Vicki E. Alger of the Independent Institute has a very interesting, article on the lack of correlation of spending with educational results and the scramble to seek more tax money for education.  She points out that school choice programs seem to be a more important factor in improving the education of children in the school lunch program.  Because the most interesting results in her article are buried deep into it, I will quote them here:

Based on public-school results from the 2011 National Assessment of Educational Progress (NAEP), the average nationwide reading and math performance among low-income eighth grade students was pitiful, with a 48% proficiency rate in both subjects.
The big spenders paid more for worse results. In Nebraska, which spent nearly $8,000 per student, a mere 39% of disadvantaged eighth-graders scored proficient or better in reading and math. For the approximately $7,000 a year Illinois spent on instruction, its low-income eighth-graders did no better than the national averages in reading and math.

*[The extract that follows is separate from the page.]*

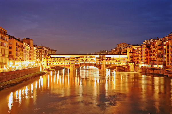 Photograph of Ponte Vecchio at night. Florence, Italy
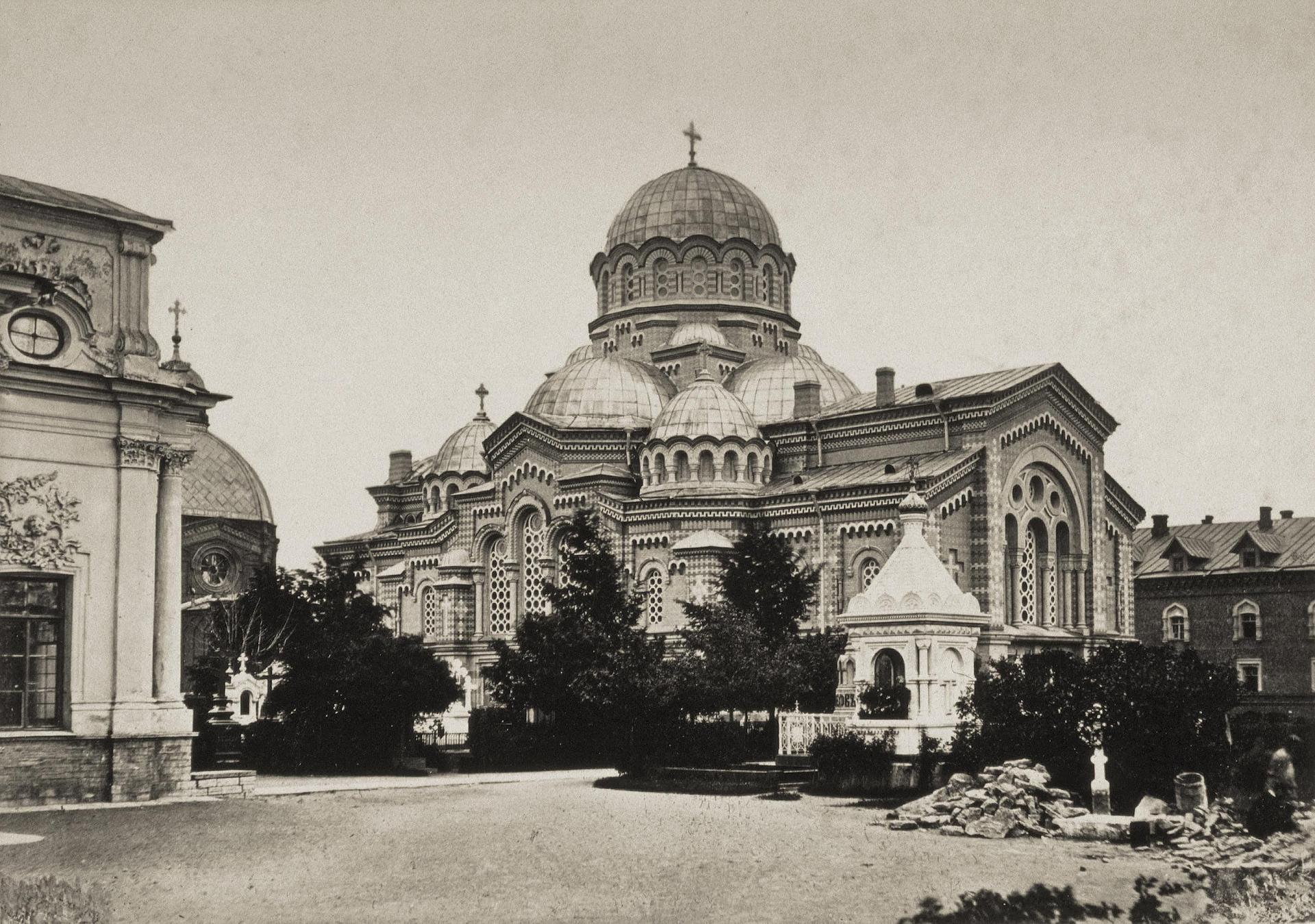 Saint Petersburg (Russia), Strelna, Coastal Monastery of St. Sergius

States that spent less per pupil tended to have better educational outcomes. More than 45% of low-income students in Idaho—with its relatively puny $4,100 per pupil spending—tested proficient in reading and math. Low-income students in stingy Arizona, which spent $4,200 per pupil on instruction, had 51% proficiency rates in both subjects. And students in penny-pinching Oklahoma, which spent around $4,300 per pupil, achieved a 53% proficiency rate in reading and 52% in math.
 One of the most striking differences between these two sets of states is the availability of parental-choice programs. Unlike Nebraska or Illinois, both higher-scoring Arizona and Oklahoma have parental-choice scholarship programs that enable parents of disadvantaged students to choose the schools they think are best, including private schools. Schools have to compete for students, which forces them to improve their performance.
Congratulations are due to my home state of Oklahoma!  To be sure, it is one of many of my home states, but it is the one where I graduated from high school in a two-year period between moving there and leaving the state for college.  Nonetheless, I have considerable family there.

Nonetheless, I am sure that the educational bar for proficiency is much too low and that in general it is likely to be too generously assessed.  Even so, the results are clearly terrible.  Government-run schools are a disgrace for the most part.  Even when they are good at the basics, they tend to be awful Big Government indoctrination centers.